In comparison when you look at how a technology such as Vmotion works today, this has certainly made organisational process required to plan for maintenance and upgrade tasks to physical hosts a hell of a lot faster and hot add is no doubt going to be very similar, the premise being that you are enabling IT Operations in large amounts of organisations the opportunity to be able to mitigate and perform maintenance tasks that they would not usually perform on VM's unless pre agreed outages are approved by CAB that allows them to shutdown the VM and add resource. As with most things however their are some possible barriers which may not mean hot add is a possibility, the risk and caveat associated that I can see causing stumbling blocks in organisations are as follows;
I've investigated the support of hot removal and it doesn't exist as a supported function in Windows versions (only hot add/replace), vSphere may support hot removal at Virtual Hardware level but the important factor is at the operating system layer the OS doesn’t, this may shoot you in the foot when quoting that hot add/remove can be performed at any point in time without disruption, remember CAB's like a regression path (lack of this is quite a good excuse most times for them to defer a change) say you experience more problem than before and can't remove a CPU or RAM unless you turn the service off and you are walking a dodgy tightrope. Also reducing CPU's from VM's is NOT a cleancut 1-2 process, it needs HAL changes. (which I believe on Windows 2003 is not supported in full)
Cost approval and control
RAM and CPU is not free, yes we all know that virtualising workloads provides additional HW resource to use the underutilized hardware resources more efficiently, but each Megabyte of RAM in your hosts still costs money, this starts by you needing to ensure that lower level Virtual admins do not have access to add RAM at the click of a button the minute that a support call gets raised from someone experiencing poor application performance. This is where implementing a full vCenter delegation model is very important.
Within organisations that are currently recharging per VM and recharging back on the actual VM size this is quite important as there is scope to use more underlying resource for the same money if a corner is cut, increase the amount of RAM/CPU constantly and this cost model goes out the window and so do your bottom line figures.
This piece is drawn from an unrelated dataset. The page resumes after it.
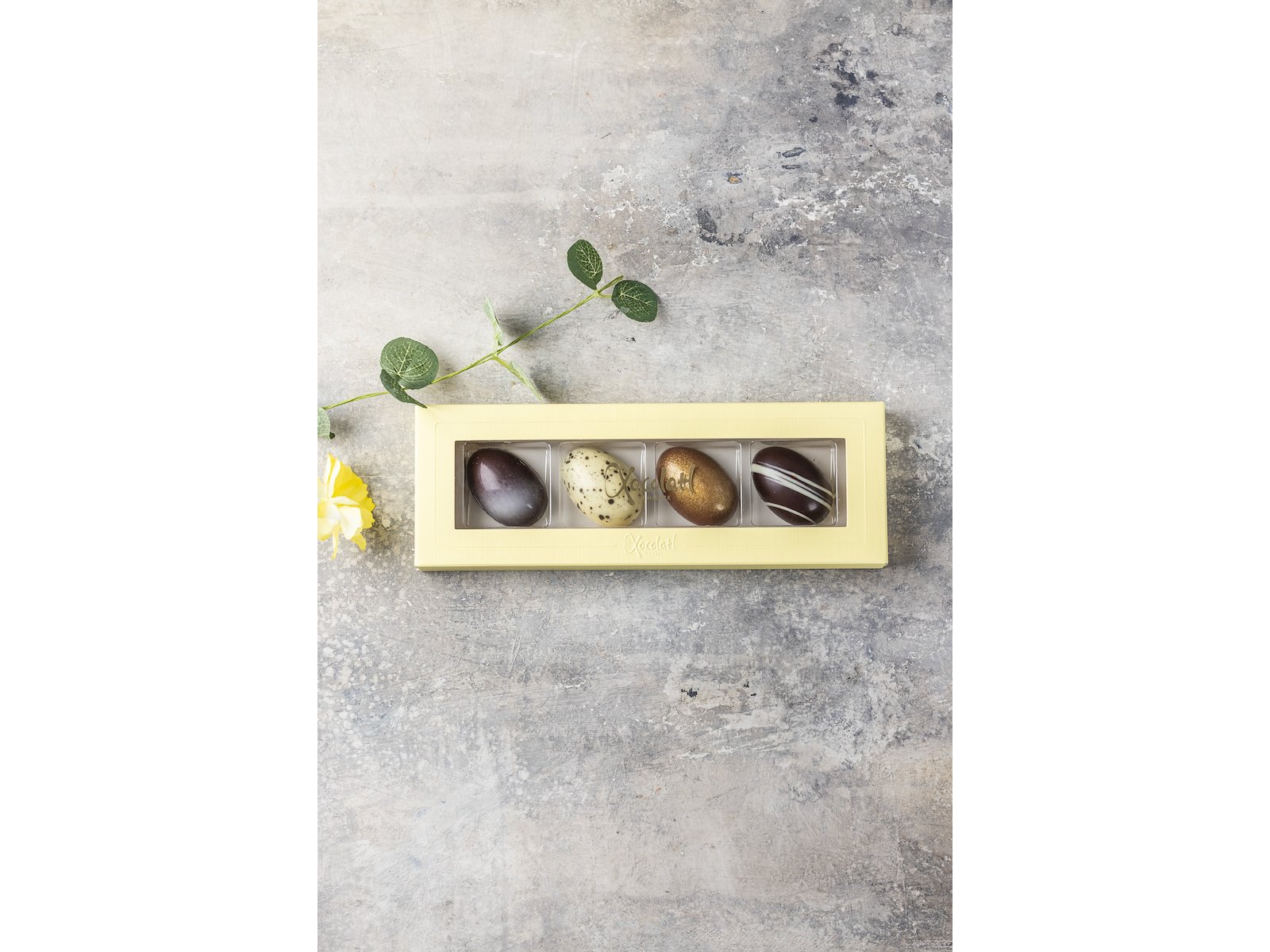4 fyldte chokolader med flødekaramel, mintkaramel, lakrids og saltkaramel
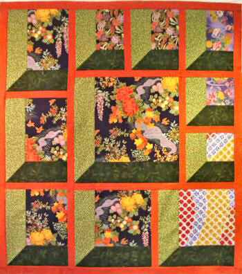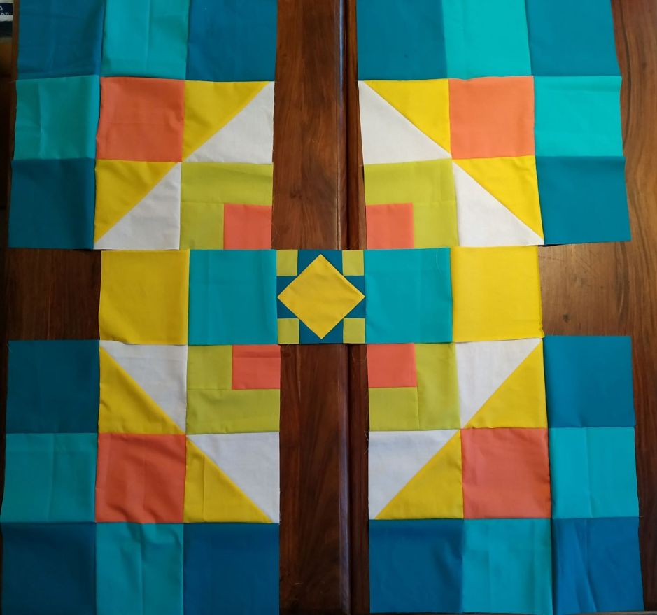 La logique veut qu’on assemble 4 fois bloc diamant + les deux carrés unis, selon votre charte de couleurs. On assemble d’abord les deux quarts du haut, avec le bloc diamant en haut, puis les deux quarts du bas avec le bloc diamant en bas, et enfin la bande horizontale centrale, avec le bloc du milieu. Mais l’important est d’arriver à faire le top, selon votre logique !

Ultimately to avoid any possible issues and arguments in CAB, the key is to ensure you rightsize your Virtual Machines and match the workload correctly in the first place. Hot Add of resource for OS’s supported running in VM’s really is a great thing, it is enabling x86 Workloads to act almost non stop mainframe style which means you have very little experienced downtime for apps and services, this is exactly what you get when you use Mainframe systems and the associated benefits of non stop. This strategy of dynamic growth enables VMware to acheive the goal of turning x86 into the new mainframe, this will undoubtedly play even a small role in adding huge amount of functionality improvements and value add within your organization so make sure you embrace it but make sure it dosnt get out of control.